|Year : 2016 | Volume
| Issue : 3 | Page : 167-171
Pharmacognostical and phytochemical evaluation of Cactus grandiflorus (L.) Britton and Rose
Rajat Rashmi, Divya Mishra
Department of Pharmacognosy, Homoeopathic Pharmacopoeia Laboratory, Government of India, Ministry of AYUSH, Ghaziabad, Uttar Pradesh, India
|Date of Web Publication||11-Aug-2016|
Pharmacognosy Section, Homoeopathic Pharmacopoeia Laboratory, Government of India, Ministry of AYUSH, Near National Test House, Kamla Nehru Nagar, Ghaziabad - 201 002, Uttar Pradesh
Source of Support: None, Conflict of Interest: None
Background: Cactus grandiflorus (L.) Britton and Rose, Family: Cactaceae is an evergreen shrub with creeping aerial roots, used in Homoeopathy for atheromatous arteries, angina pectoris, and constriction of heart muscles, endocarditis, and heart weakness due to arteriosclerosis. Flowering stems are used in the preparation of medicine. Objective: The pharmacognostic and phytochemical studies are carried out to facilitate identification of correct species and standardized raw materials. Materials and Methods: Pharmacognostic studies of stem of authentic samples of Cactus grandiflorus (L.) Britton and Rose have been carried out according to Trease and Evans, 1983, and Youngken 1959. To determine physicochemical constants, Indian Pharmacopoeia, 1970, was consulted and preliminary phytochemical properties were studied as per methods described by Trease and Evans, 1983. Results: Stem available in segments of variable length and thickness, roundish structure with 5 or 6 ridges and furrows with aerial roots, isodiametric cavities in cortex containing mucilage; aggregates of acicular and rhomboidal calcium oxalate crystals scattered in parenchymatous region are the key identification characteristic. Thin layer chromatography of chloroform extract of mother tincture reveals five spots with blue and violet colors. Conclusion: The macroscopic, microscopic, physicochemical, and phytochemical analysis of the authentic raw material were indicative to establish the standards for ensuring quality and purity of the drug.

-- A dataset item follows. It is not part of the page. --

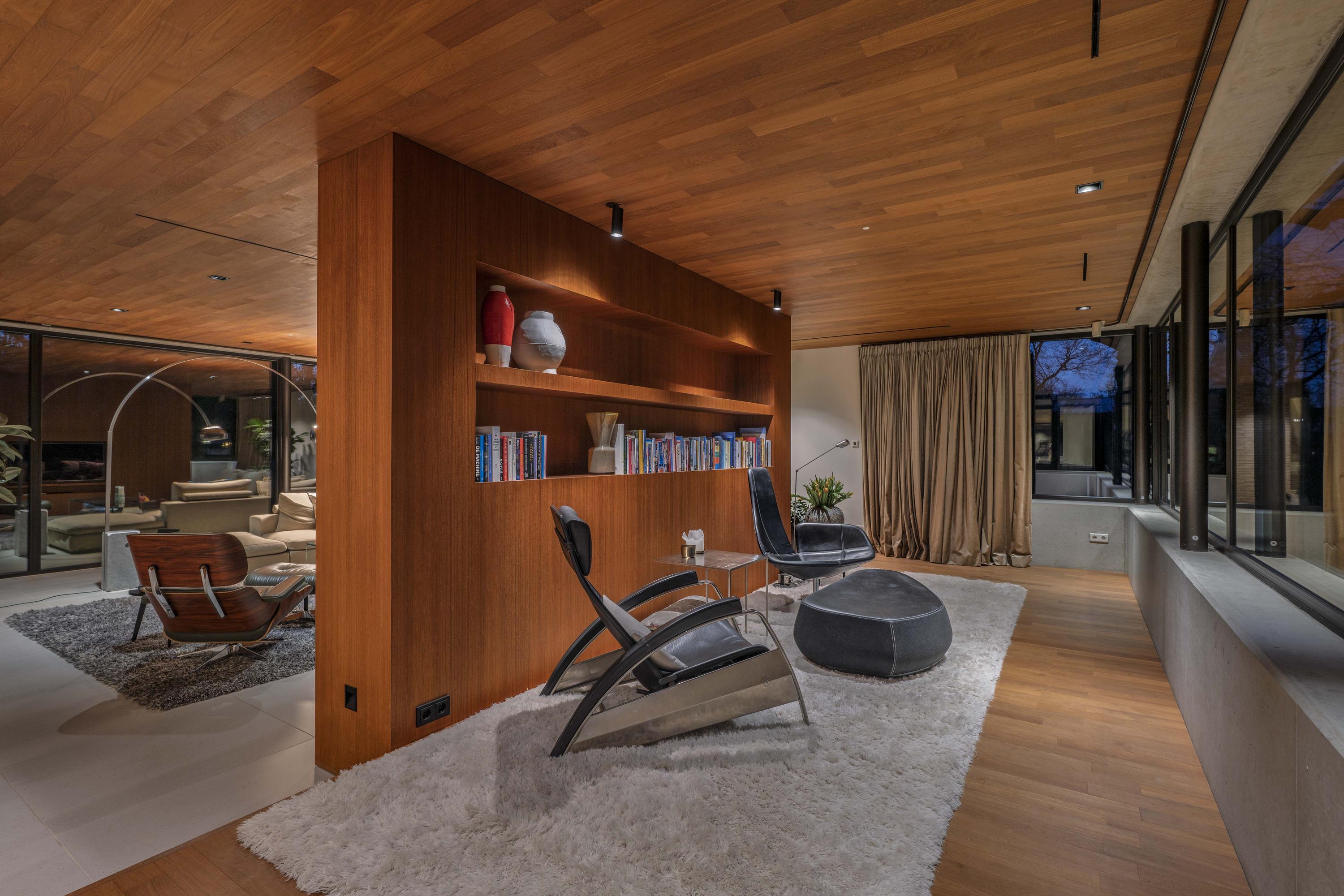 The living room (74 m²) is spacious and divided into two seating areas by a room divider with an integrated television and bookcase. At the rear, floor-to-ceiling windows offer views of the garden, while at the front, the ponds come into view, with sufficient privacy thanks to the half-height parapet. A wide Metalfire fireplace and a raised teak floor area at the front give the room extra character. The sophisticated lighting plan ensures that art and architectural lines are shown to their best advantage.
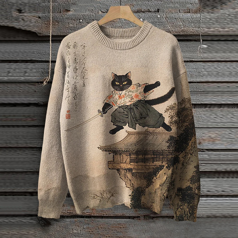 Men's Japanese Katana Cat Samurai Retro Print Casual Sweatshirt

Keywords: Cactus grandiflorus (L.) Britton and Rose, Homoeopathy, Pharmacognosy, Physicochemical studies, Phytochemical studies
|How to cite this article:|
Rashmi R, Mishra D. Pharmacognostical and phytochemical evaluation of Cactus grandiflorus (L.) Britton and Rose. Indian J Res Homoeopathy 2016;10:167-71
|How to cite this URL:|
Rashmi R, Mishra D. Pharmacognostical and phytochemical evaluation of Cactus grandiflorus (L.) Britton and Rose. Indian J Res Homoeopathy [serial online] 2016 [cited 2021 Jan 27];10:167-71. Available from: https://www.ijrh.org/text.asp?2016/10/3/167/188225
| Introduction|| |
Family Cactaceae composed of about 130 genera and nearly 1500 species belonged to arid lands and adopted to diversity of climates in all over the world, including India. ,,,
Cactus grandiflorus (L.) Britton and Rose (synonyms: Selenicereus grandiflorus L., Cereus grandiflorus Mill) is a native of Mexico and introduced in Indian gardens, commonly known as night-blooming cereus. It is an evergreen, succulent shrub with creeping aerial roots and is usually a "functional epiphyte" meaning the plant can thrive either as an epiphyte or a terrestrial plant. Stem green to bluish-green, becoming purplish along the ribs, branching, succulent, 5 or 6 angled and armed with clusters of short radiating spines or bristles. The prefix "Seleni" in the botanical name refers to the moon, in allusion to the nocturnal blooms, which are very large and full-bodied, terminal or lateral from the cluster of spines, large having a sweet-smelling vanilla-like fragrance, white in color, about 30 cm in diameter, opening only once in evening and closing again before morning [Figure 1]a. 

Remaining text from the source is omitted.